# The task
Transcribe the listing in full, excluding any pictures.

# Source material

^^^^^^^^^^^^^^^^

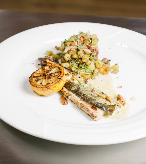 Forellenfilet mit Bratkartoffeln und Kapernsoße.
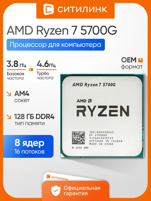 Процессор для пк Ryzen 7 5700G AM4 4,6 ГГц
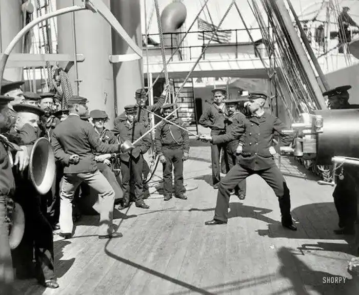 Тренировка по фехтованию.

^^^^^^^^^^^^^^^^

# Solution for this exercise
 Forellenfilet mit Bratkartoffeln und Kapernsoße.
 Процессор для пк Ryzen 7 5700G AM4 4,6 ГГц
 Тренировка по фехтованию.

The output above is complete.